* **What is needed**
Your copy must hold all of the data below, unchanged and without images.

* **Records shown**
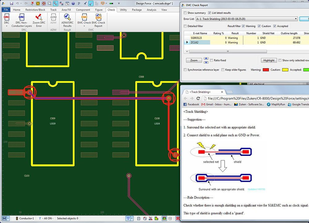 With EMC Adviser for CR-8000, the circuit engineer is able to categorize EMC-relevant signals early-on in the schematic phase. The appropriate EMC rules are selected for the application and applied during the design phase, such as a DRC check.
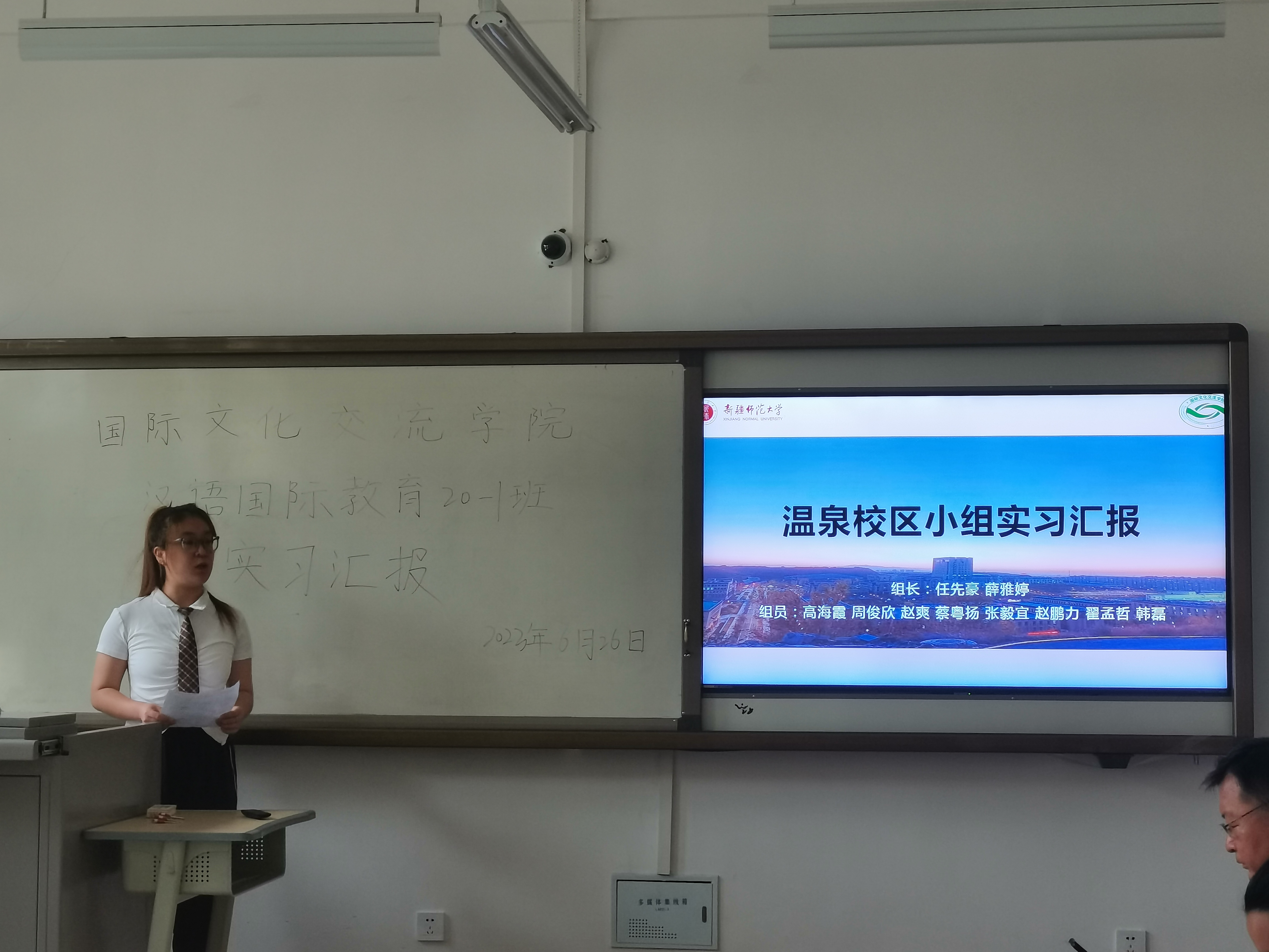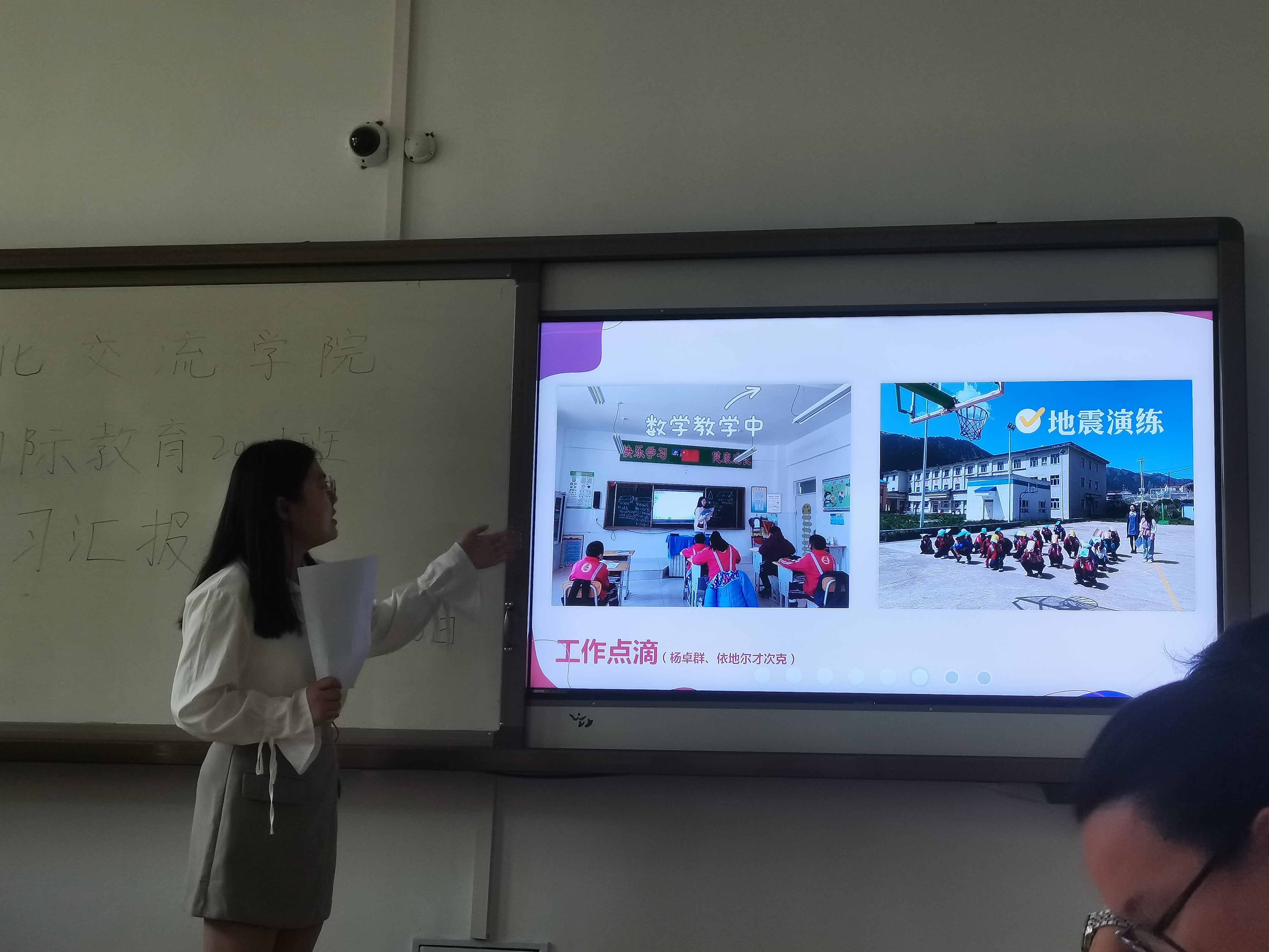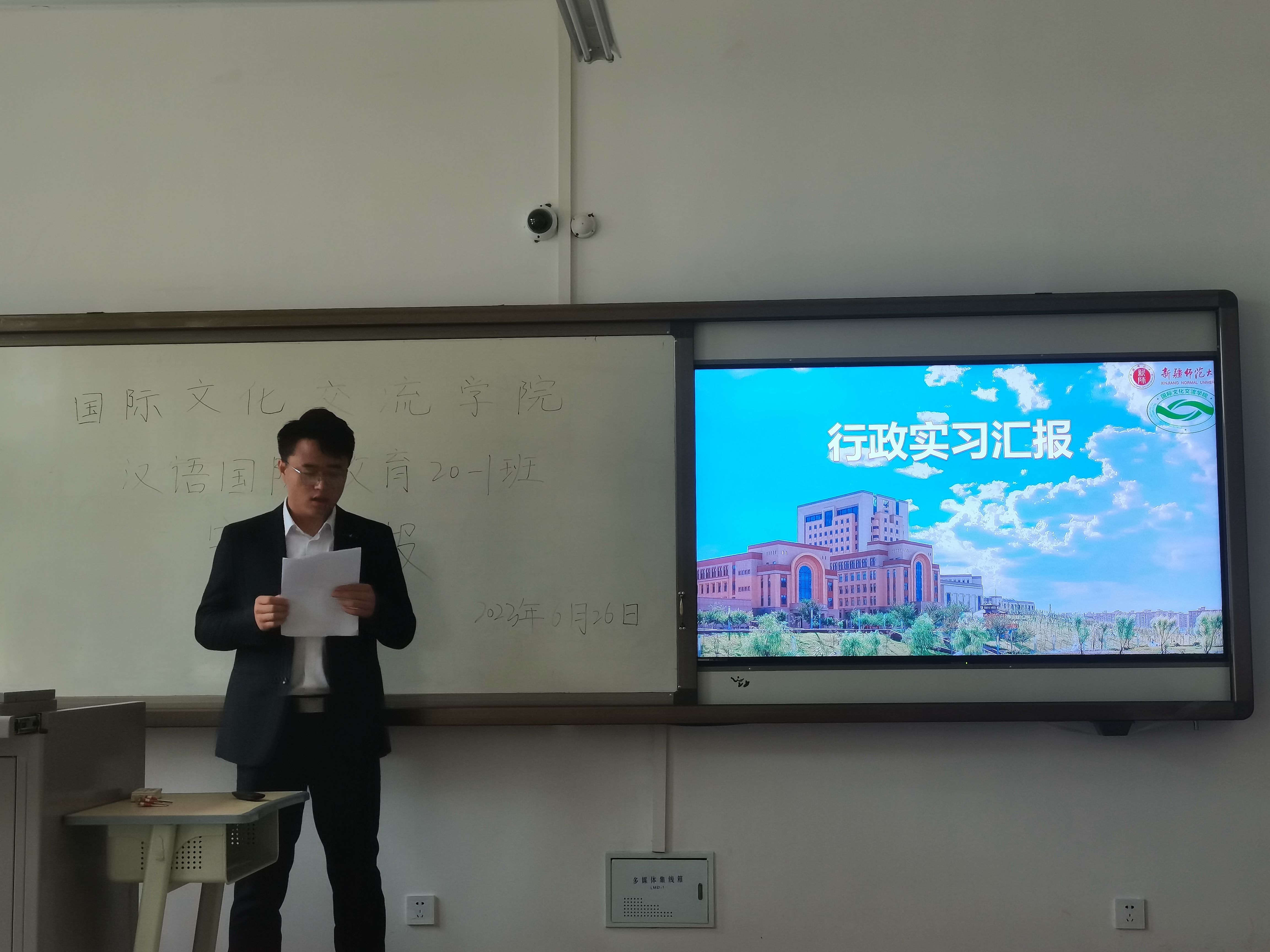 会议伊始,由各实习小组依次进行分组汇报。在院内实习的同学们充分利用学院专业优势和现有资源,与留学生结成语伴,认真听课观摩,课余进行一对一帮扶工作,通过晚自习作业辅导、共同参加中华传统文化社团学习、参与院内各项活动和比赛,有效提升了文化实践能力和教育教学技能;同时,他们还在学院行政办公室辅助老师开展各项工作,送文件材料、领取和清点物资、做各类表格和PPT、活动策划撰写、参与各项文化活动组织协调等,工作中他们始终保持着严谨认真的态度,努力做好每项工作,综合素质得到很大的锻炼提升。此外,他们还积极参加红色微课比赛、微党课比赛、俄语技能大赛以及青马班、胡杨班的培训学习,不断完善自己,为青春添上一抹亮丽的底色。
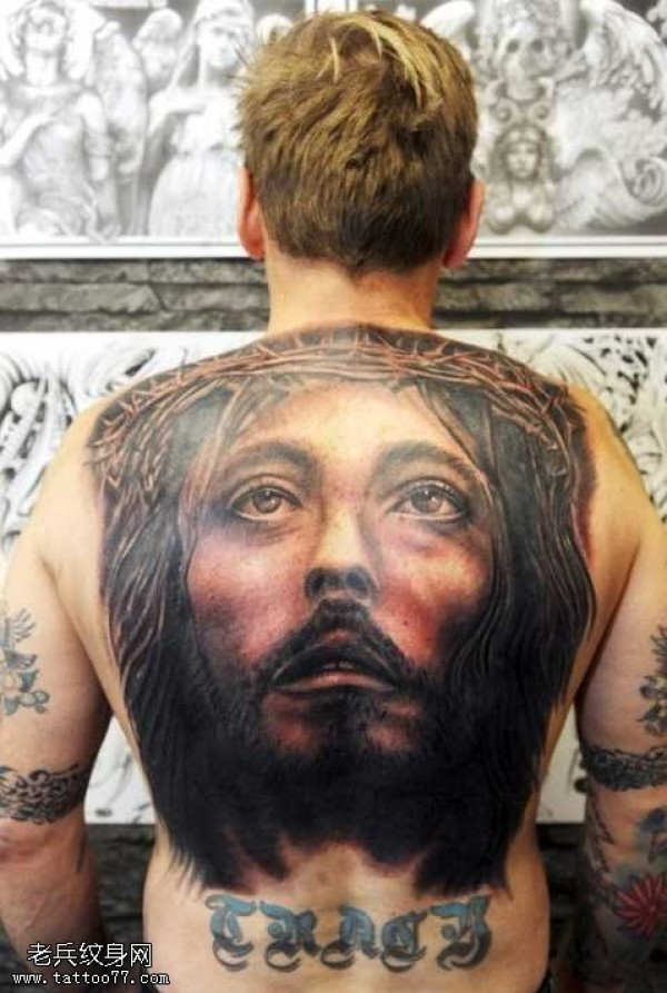 满背耶稣头像纹身图案
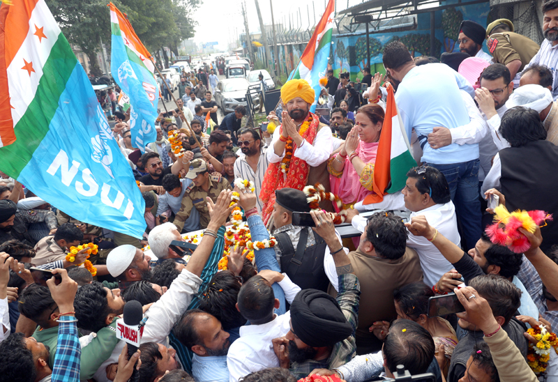 Ex-MP Ch. Lal Singh being received by Cong workers and his supporters outside Jammu airport on Thursday. -Excelsior/Rakesh By Daily Excelsior - March 21, 2024 Share FacebookTwitterWhatsAppPinterestLinkedinCopy URLTelegramEmailTumblrReddItPrintKoo Ex-MP Ch. Lal Singh being received by Cong workers and his supporters outside Jammu airport on Thursday. -Excelsior/Rakesh Ex-MP Ch. Lal Singh being received by Cong workers and his supporters outside Jammu airport on Thursday. -Excelsior/Rakesh Follow our WhatsApp channel
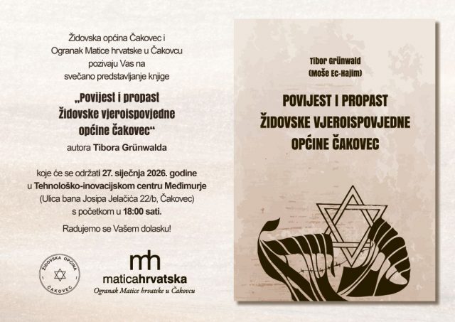 Povodom Međunarodnog dana sjećanja na žrtve Holokausta, Židovska općina Čakovec i Ogranak Matice hrvatske u Čakovcu u utorak, 27. siječnja 2026. godine, upriličit će svečanost predstavljanja knjige „Povijest i propast Židovske vjeroispovjedne općine Čakovec“ autora Tibora Grünwalda.

* **The completed task**
 With EMC Adviser for CR-8000, the circuit engineer is able to categorize EMC-relevant signals early-on in the schematic phase. The appropriate EMC rules are selected for the application and applied during the design phase, such as a DRC check.
 会议伊始,由各实习小组依次进行分组汇报。在院内实习的同学们充分利用学院专业优势和现有资源,与留学生结成语伴,认真听课观摩,课余进行一对一帮扶工作,通过晚自习作业辅导、共同参加中华传统文化社团学习、参与院内各项活动和比赛,有效提升了文化实践能力和教育教学技能;同时,他们还在学院行政办公室辅助老师开展各项工作,送文件材料、领取和清点物资、做各类表格和PPT、活动策划撰写、参与各项文化活动组织协调等,工作中他们始终保持着严谨认真的态度,努力做好每项工作,综合素质得到很大的锻炼提升。此外,他们还积极参加红色微课比赛、微党课比赛、俄语技能大赛以及青马班、胡杨班的培训学习,不断完善自己,为青春添上一抹亮丽的底色。
 满背耶稣头像纹身图案
 Ex-MP Ch. Lal Singh being received by Cong workers and his supporters outside Jammu airport on Thursday. -Excelsior/Rakesh By Daily Excelsior - March 21, 2024 Share FacebookTwitterWhatsAppPinterestLinkedinCopy URLTelegramEmailTumblrReddItPrintKoo Ex-MP Ch. Lal Singh being received by Cong workers and his supporters outside Jammu airport on Thursday. -Excelsior/Rakesh Ex-MP Ch. Lal Singh being received by Cong workers and his supporters outside Jammu airport on Thursday. -Excelsior/Rakesh Follow our WhatsApp channel
 Povodom Međunarodnog dana sjećanja na žrtve Holokausta, Židovska općina Čakovec i Ogranak Matice hrvatske u Čakovcu u utorak, 27. siječnja 2026. godine, upriličit će svečanost predstavljanja knjige „Povijest i propast Židovske vjeroispovjedne općine Čakovec“ autora Tibora Grünwalda.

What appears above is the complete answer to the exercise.